For most types of documents, it would be nice if the platform had the ability to calculate text, dates or numbers based upon previous inputs. With this functionality, if the answer to a subsequent question could be calculated or inferred based upon prior responses, then the questionnaire wouldn’t need to ask the question at all.

For example, identifying a party as male could automatically calculate and insert the he/his/him pronouns without separately asking those questions. If you enter the term, principal amount and interest rate for a promissory note, then it could automatically calculate (and round) the payment amount. If you provided the commencement date, it would be able to calculate the maturity date based upon the term.

Some DA platforms have the ability to calculate almost anything you can think of based upon inputs. The more sophisticated this capability (if it exists), the faster you’ll be able to assemble complex documents and the less margin for error you’ll have to deal with. I view this capability as essential for most documents.

Ability to Handle Conditional Logic

Ideally, you would have the ability to include or exclude any text based upon single or multiple conditions (sometimes referred to as business rules). For example, a provision may be included (or not) based upon the response to a single true/false variable such as “Include guardianship provisions?” Another provision may be included or excluded based upon the response to a multiple choice such as “Type of will:  Simple  Pour-over.” Still other provisions might be included based upon a compound test such as a) the client is married, b) it’s a pour-over will, and c) the client’s spouse is appointed as initial or successor Executor.

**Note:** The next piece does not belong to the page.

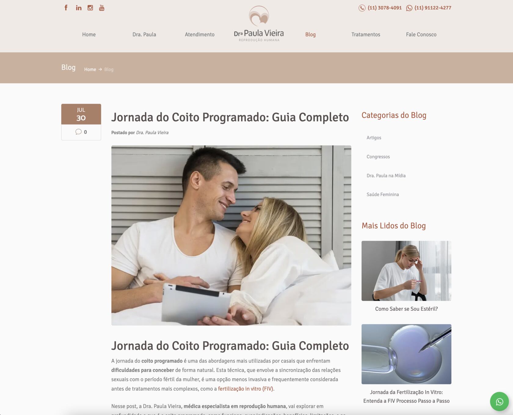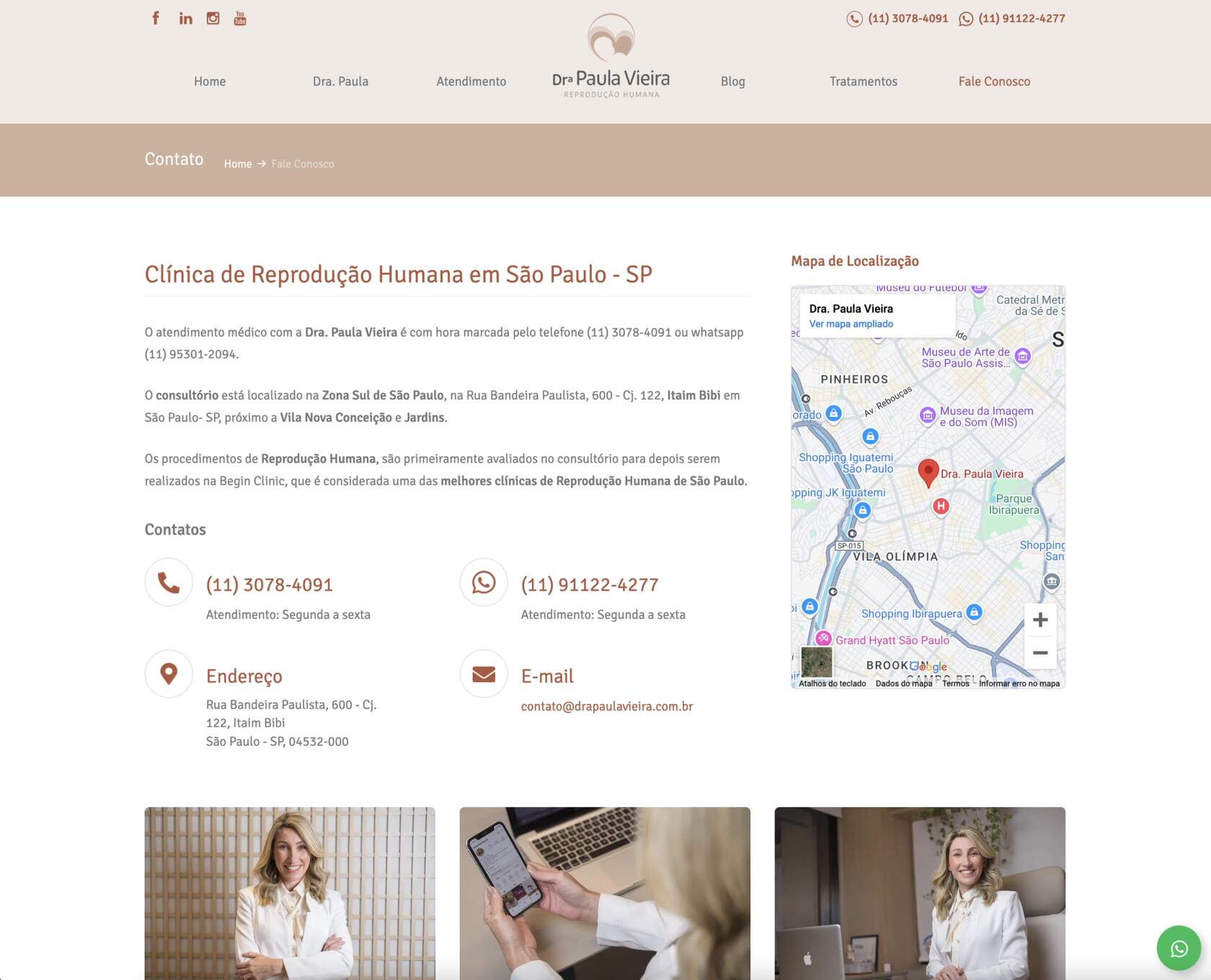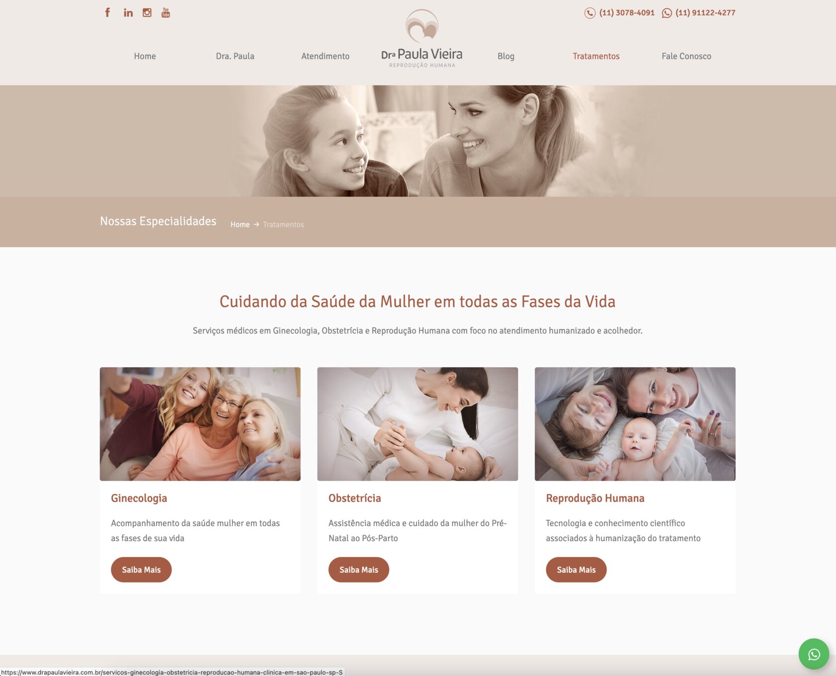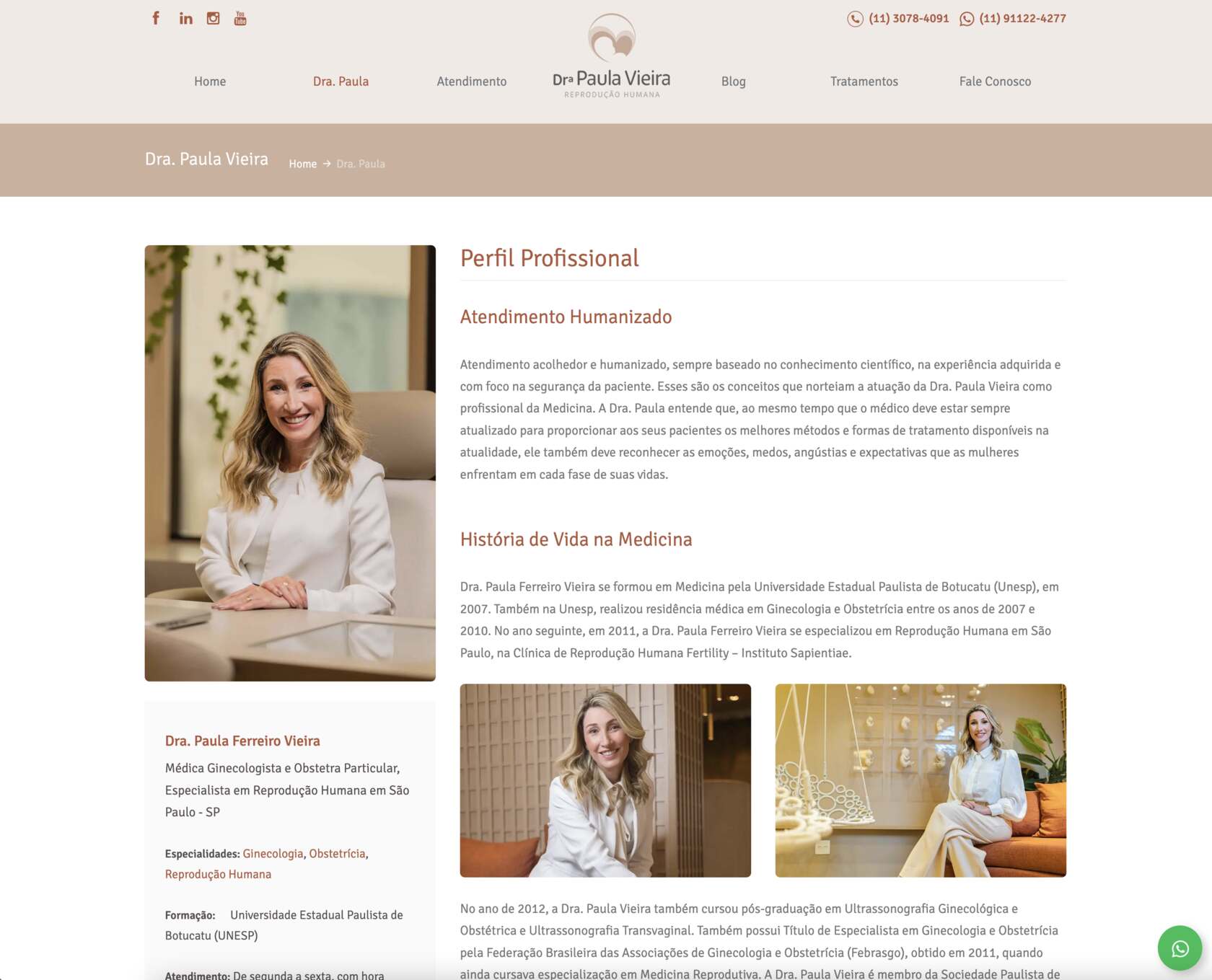 Inicialmente desenvolvemos um site moderno e responsivo com CMS integrado, que oferece autonomia para a Dra. Paula gerenciar seu Blog e acompanhar relatórios de marketing em tempo real. Além das páginas institucionais que apresentam o perfil da médica, as especialidades e o consultório, o site possui um sistema robusto de captação de leads (contatos de pacientes) e um acompanhamento eficiente de follow-up.

Finally, text may be conditional based upon a calculated result such as if the number of Co- Trustees entered is greater than 2.

The ability to conditionally include text based upon simple or complex tests is typically required for automating reasonably complicated documents. This functionality also allows you to present users with a laundry list of possible clauses to include. For example, see the following screen shot:


Finally, you will likely need the ability to handle nested logic which is sub-logic contained within larger, optional segments of the document. For example, you may have conditional logic surrounding a Guardianship provision in a will. If it is included, then you may have versions of the language for sole guardians or co-guardians which need to be conditionally included based upon the number of initial guardians entered. Further, if co-guardians are appointed, there may be optional language for what happens if one of the co-guardians is unable to serve. For example, the text will be different if the remaining co-guardian can serve alone, or if a new guardian must be immediately appointed to replace the one unable to serve (so there are always co-guardians).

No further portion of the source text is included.